## Material provided
^^^^

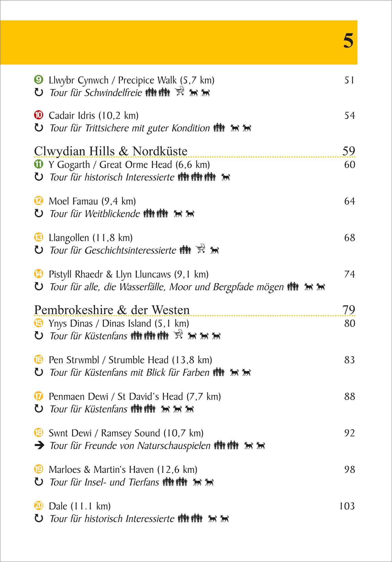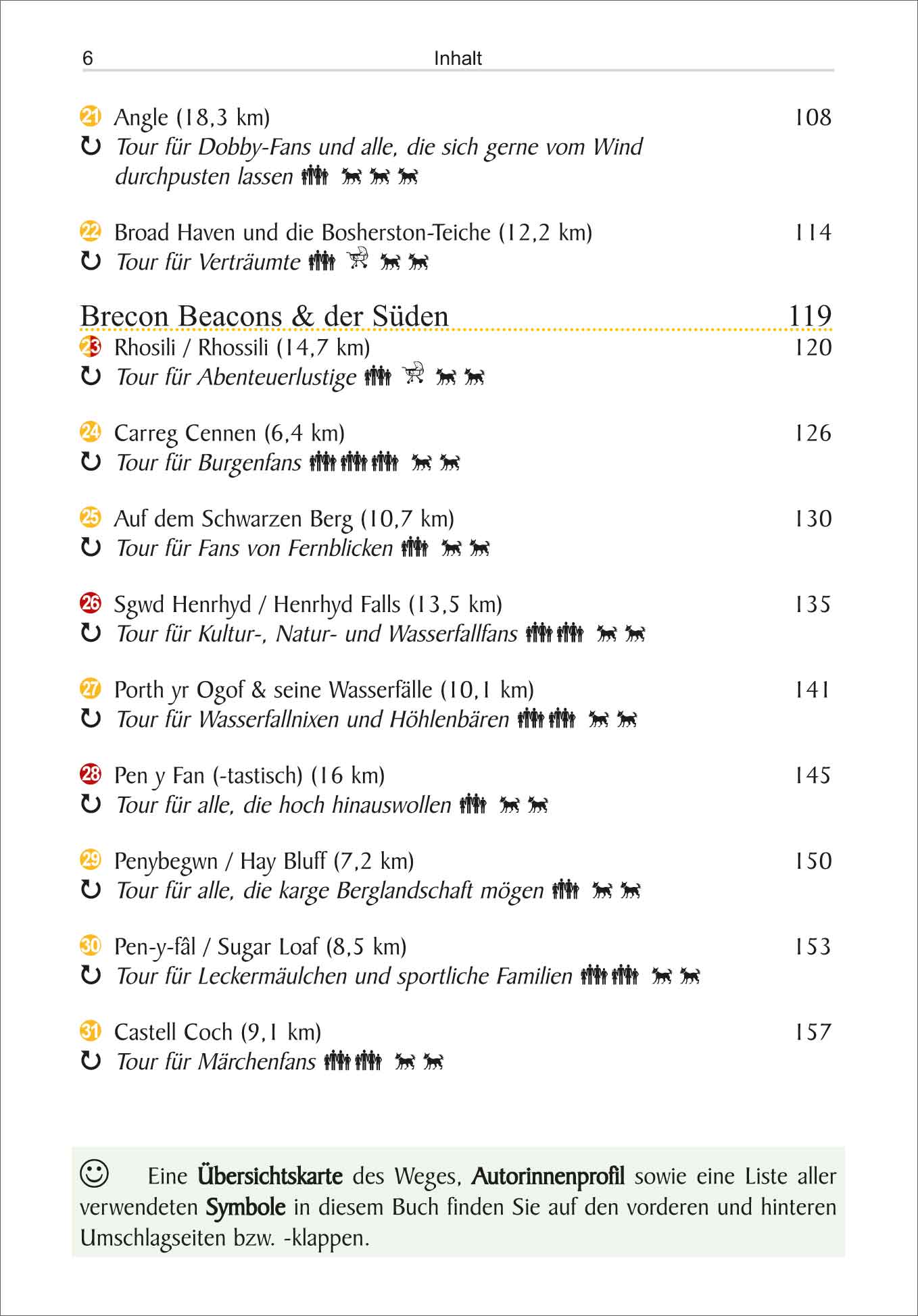 Wales ist ein großartiges Wanderland für jeden Geschmack. Auf 31 handverlesenen Wanderungen geht es in diesem Band durch die atemberaubenden Landschaften: von den mystischen Bergen des Eryri-Nationalparks über die rauen Küstenpfade Pembrokeshires bis hin zu den sanften Hügeln im Bannau-Brycheiniog-Nationalpark. Wasserfälle, alte Burgen und atemberaubende Aussichten sind allerorts zu finden. Jede Wanderung wird detailliert beschrieben, mit hilfreichen Informationen zu Länge, Schwierigkeitsgrad und Sehenswürdigkeiten entlang des Weges. Bei allen beschriebenen Wanderungen gibt es Hinweise darauf, ob sie mit Kindern, Buggy oder Hunde gewandert werden können.
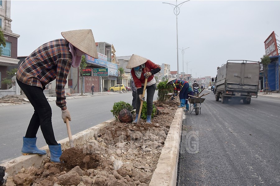 Cây xanh tại giải phân cách cứng được hoàn thiện.
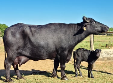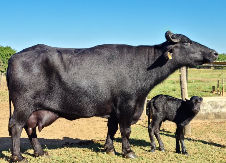 A Búfala Glamurosa, com seu porte majestoso e presença cativante, é a verdadeira diva da Fazenda Cantão. Proveniente de uma linhagem premiada, ela não apenas encanta pela beleza, mas também se destaca por sua alta fertilidade e extraordinária capacidade produtiva. Seu charme e qualidade genética fazem dela uma referência no melhoramento dos rebanhos, atraindo a atenção de pecuaristas em busca de excelência.
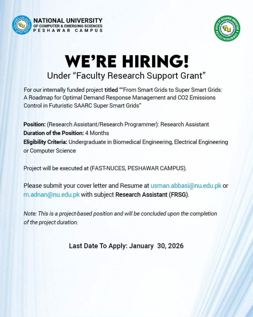 Explore a research assistant role under the Faculty Research Support Grant at NUCES Peshawar Campus. This 4-month project-based position requires candidates with an undergraduate degree in Biomedical Engineering, Electrical Engineering, or Computer Science. The project focuses on optimizing demand response management and CO2 emissions control in SAARC super smart grids. Apply by January 30, 2026.
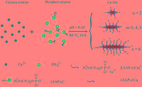 | Scheme 1.Synthesis of hydroxyapatite nanoparticles functionalized by aminoalkyl phosphates (AAP-n), which serve as both surface modifiers and colloidal stabilizers. Preferential crystal growth along c-axis is observed in C2-HA to C6-HA samples. | |

^^^^

## Task brief
Everything in the listing is to be returned word for word, except the pictures.

## Output for this task
 Wales ist ein großartiges Wanderland für jeden Geschmack. Auf 31 handverlesenen Wanderungen geht es in diesem Band durch die atemberaubenden Landschaften: von den mystischen Bergen des Eryri-Nationalparks über die rauen Küstenpfade Pembrokeshires bis hin zu den sanften Hügeln im Bannau-Brycheiniog-Nationalpark. Wasserfälle, alte Burgen und atemberaubende Aussichten sind allerorts zu finden. Jede Wanderung wird detailliert beschrieben, mit hilfreichen Informationen zu Länge, Schwierigkeitsgrad und Sehenswürdigkeiten entlang des Weges. Bei allen beschriebenen Wanderungen gibt es Hinweise darauf, ob sie mit Kindern, Buggy oder Hunde gewandert werden können.
 Cây xanh tại giải phân cách cứng được hoàn thiện.
 A Búfala Glamurosa, com seu porte majestoso e presença cativante, é a verdadeira diva da Fazenda Cantão. Proveniente de uma linhagem premiada, ela não apenas encanta pela beleza, mas também se destaca por sua alta fertilidade e extraordinária capacidade produtiva. Seu charme e qualidade genética fazem dela uma referência no melhoramento dos rebanhos, atraindo a atenção de pecuaristas em busca de excelência.
 Explore a research assistant role under the Faculty Research Support Grant at NUCES Peshawar Campus. This 4-month project-based position requires candidates with an undergraduate degree in Biomedical Engineering, Electrical Engineering, or Computer Science. The project focuses on optimizing demand response management and CO2 emissions control in SAARC super smart grids. Apply by January 30, 2026.
 | Scheme 1.Synthesis of hydroxyapatite nanoparticles functionalized by aminoalkyl phosphates (AAP-n), which serve as both surface modifiers and colloidal stabilizers. Preferential crystal growth along c-axis is observed in C2-HA to C6-HA samples. | |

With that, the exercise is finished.